Clinton emails contained top secret info derived from satellite spying on North Korean nukes

The latest batch of classified emails on Hillary Clinton’s private server includes information that may well be sufficient to establish that she violated 18 U.S.C. Section 793. However, as I mentioned here, we already knew that “top secret” information on her server derived from the National Geospatial-Intelligence Agency, which performs aerial surveillance, had triggered FBI concern in the first place.

Even without knowing what, specifically, the information pertained to, it seemed overwhelmingly likely that it “related to the national defense.” This is the touchstone under Section 793(f) and under an ordinary understanding of what information must absolutely be kept secret and secure.

Now, via the Washington Times, comes word that one of the “top secret” items on Clinton’s server dealt with satellite information about North Korea’s nuclear weapons — specifically the movement of North Korean nuclear assets. The Times’ John Solomon relies on “multiple intelligence sources.”

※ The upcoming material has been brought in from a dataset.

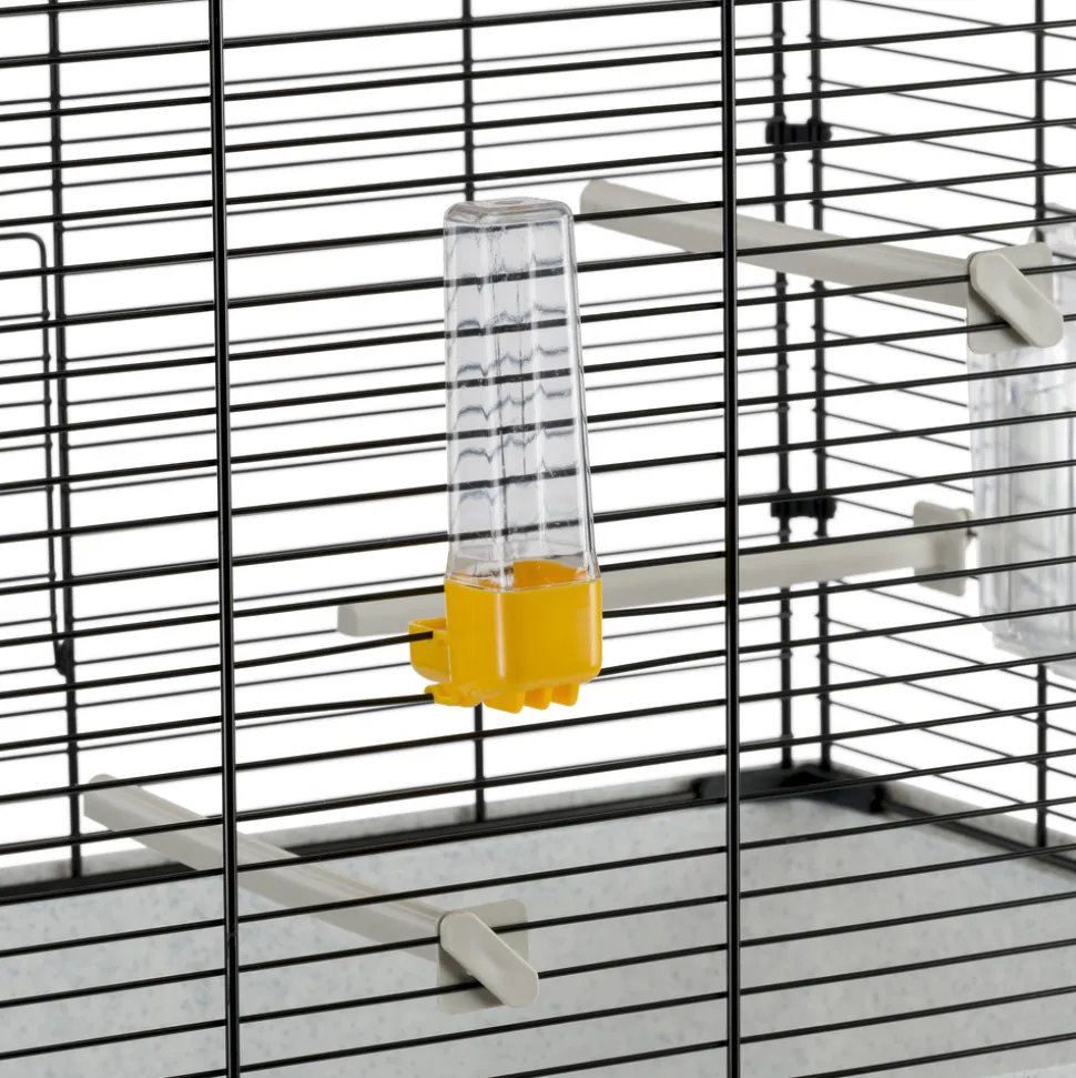 La cage oiseau Piano 4 est entièrement équipée: vous y trouverez un abreuvoir, une pince à légumes, cinq perchoirs et une balançoire à oiseaux. Enfin, les mangeoires rotatives spéciales Brava 2 vous permettent de nourrir facilement les oiseaux, elles peuvent être tournées à 180° et remplies de nourriture de l’extérieur, sans laisser d’ouverture par laquelle l’oiseau puisse s’échapper. Ils sont entièrement en plastique transparent afin de pouvoir contrôler le niveau d’alimentation disponible.

No wonder the FBI is concerned.

Its concern is surely heightened by the fact that, as Solomon points out, North Korea has assembled a massive cyber hacking army under an elite military spy program known as Bureau 121. Through this program, the North Koreans have become increasingly aggressive in targeting systems for hacking, especially vulnerable private systems. Indeed, they have been blamed by the U.S. for the hack of Sony movie studios.

Naturally, then, the intelligence community is alarmed by the fact that Clinton (in Solomon’s words) “allowed sensitive U.S. intelligence about North Korea to seep into a more insecure private email server.” By doing so, officials believe that she “threaten[ed] to expose [our] methods and assets for gathering intelligence on the secretive communist nation.”

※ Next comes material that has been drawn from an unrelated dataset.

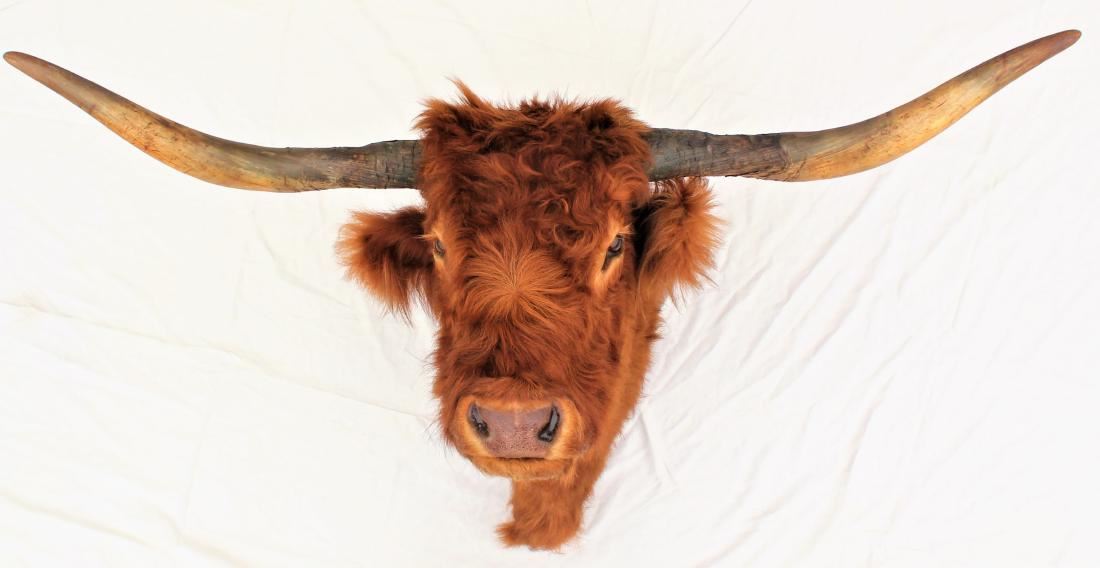 Impressive taxadermy mounted red haired steer with 64" horn span with great hair and expression.

The compromised information does not include surveillance imagery or maps. Rather, it apparently consists of summarized information that could only have come from spy satellite intelligence.

According to the Times, the intelligence community believes a State Department employee received the information through classified channels and then summarized it when that employee got to a nonclassified State Department computer. The email chain went through Clinton’s most senior aides and eventually to her personal email.

Section 793(f) applies not just to cases where a person improperly “delivers” information relating to the national defense — as Clinton seems to have done in her correspondence with Sid Blumenthal — but also to cases where an individual

(1) through gross negligence permits such information to be removed from its proper place of custody
security or

(2) having knowledge that the same has been illegally removed from its proper place of custody or delivered to anyone in violation of its trust fails to make prompt report of such to his superior officer

I take no position yet as to whether the facts, as presented by the Times via its intelligence sources, state a violation by Hillary Clinton of one or both of these subsections, or some other provision of the U.S. Code. It seems clear, however, that Clinton was a party to a very disturbing compromise of our methods and assets for gathering information about one of our worst and most deadly adversaries.

This alone demonstrates her unfitness for the presidency.